I am so proud of myself for sticking to my guns and waiting to do the immunoglobulin infusion when it felt right for me, at the lowest dose possible, with a bag of saline and a showered, no-scent nurse. I feel fine. I’m stiff, sore and tired, a bit more than normal, but no big deal. The infusion site on my abdomen is sore if it touches something, but no big deal. I didn’t need to ice my belly and I hardly felt the needle going in. I think next time, though, I’ll try my thighs because I do daily abdominal massage and castor oil packs for my constipation, which I can’t do now.

My vertigo from yesterday is gone (maybe it was a neck issue in my sleep) and today, inside, I am vibrating with excitement. Hell yes!! Success! I’m usually either so impatient to try something, I take too much (Cromolyn) or I don’t want to face the adjustment period/eventual withdrawals/possible reactions, so I postpone forever (Equilibrant, antidepressants, B12). But I did this the right way. I waited, I tested everything I needed to test, I didn’t jump the gun and start where my doctor wanted me to start (3mg), I started low and it was no problem.

My biggest excitement, honestly, is having a positive experience with the premedications and it gives me hope that my reactivity has calmed down. I didn’t even fall into a drugged stupour like I did when I tested the premeds. I have no horrible antihistamine-poisoning-hangover feeling, no headache, my blood pressure has stayed stable at around 85/55 (I know, too low, but stable low). Since all these sensitivities cropped up, I’ve been lucky that my disabling dysmennorhea has abated and I’ve not had any anaphylaxis, collapses, accidents etc. (toba, toba, knock on wood), but I was worried about what I would do in the event that I’d have to have surgery or some emergency procedure. This feels great! I have an arsenal now. I might have done the MRI contrast if I’d had the confidence at the time to pop some Prednisone, Benadryl and Zantac. I’ve still never taken my EpiPen, but, if ever I have to (toba, toba, KOW), maybe I won’t be as sensitive as I was in the past (when an endodontist accidentally put epinephrine in my numbing injection, it felt like I was having a heart attack). I can’t tell you how good this feels. I might finally try daily H1 and H2 blockers to see if they make a difference in how I feel overall. I might sit down with a bottle of wine, salami, aged cheese and kimchi.
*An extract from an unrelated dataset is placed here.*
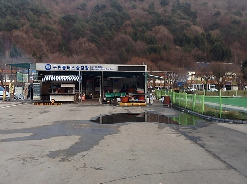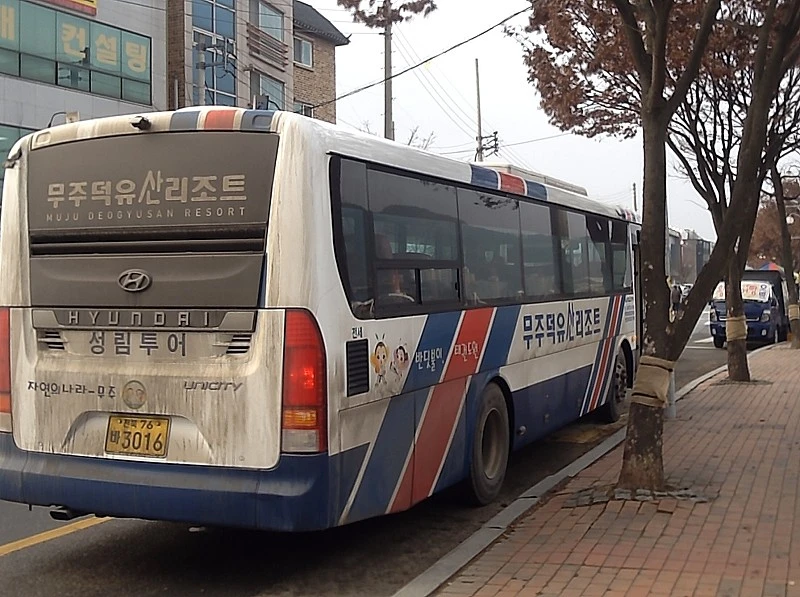 구천동 버스 정류장에서 무주행 직행버스를 타고 무주 공용 버스터미널에 내려 반딧불 시장으로 걸어간다.

I set this all up in our spare room upstairs to keep away from the dogs and so I could sleep if I needed to, but really I could do this anywhere. The saline bag has a carry pouch with a shoulder strap and is infused by a battery-operated pump. Once the needles are in and covered with tape, I could conceivably be on the couch with my dogs, watching TV. The tricky part is navigating the bathroom with one straight arm while carrying the saline pouch and holding the SCIG pump and managing not to rip out any of the needles.
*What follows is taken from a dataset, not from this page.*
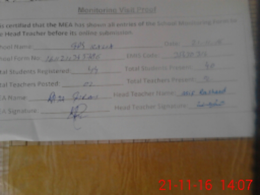 | Attendance Register | Head Teacher | MEA with School | Visit Proof |

Honestly, the most daunting part of the whole experience is the amount of water I have to force down my gullet. On Thursday, I drank four liters. Yesterday, I drank over five liters and I’m going to try to do the same again today. Having to do this three days a week, every week makes me want to vom. It also wasn’t fun to have a chatty stranger in my house, albeit a very nice, low-maintenance one (I kept worrying that she didn’t have water or snacks and that her back would get sore in the upright chair). She was only here fewer than four hours, but as my dose increases, I assume the time will increase (most of that was infusing 500ml of saline, the IgG itself only took an hour). Next time I’ll just let her know that I want to rest and meditate through the whole thing and I’m hoping after the next few infusions she’ll just be able to hook up my IV and leave and I can place the subcutaneous needle myself and remove the IV at the end.

So, the plan is to double my dose next Friday to two grams, then increase by one gram each week until I’m at five and hold there for a few months. Perhaps even graduate to IVIG eventually. I’m happy this started at the beginning of flu season, too, because that’s what Dr. Chia recommended. He thought I should get a little boost in September and January and also if I traveled anywhere so I would be less in jeopardy of succumbing to a virus that would take me down. And maybe, just maybe, it’ll make me feel better over all. A lady can dream.

Thanks to everyone who sent positive thoughts my way. You carried me through.❤

IV saline experiment… causes angioedema and histamine release.

I had a total meltdown yesterday. As my throat grew more swollen and I grew more alarmed, I finally put it together that I was experiencing an acute angioedema episode. I didn’t recognise what was going on because I usually get a swollen tongue and lips. On Friday, I chalked the edema up to fluid retention from the saline. The spot deep in my throat under my jaw that I mentioned in my last post always itches when I am having an allergic reaction – it’s the canary in the coalmine of my body – but I don’t pay attention to it as closely as I should. This was a slow cooking reaction: laboured breathing and swollen eyes, fingers and sinuses (stuffy nose) on Friday evening, itchy throat spot and heart skipping/arrhythmia started Saturday (both continue today, Tuesday), flushing/extreme overheating on Sunday, and throat closing on Monday, coupled with what felt like body edema – swollen bowel, abdomen, muscles…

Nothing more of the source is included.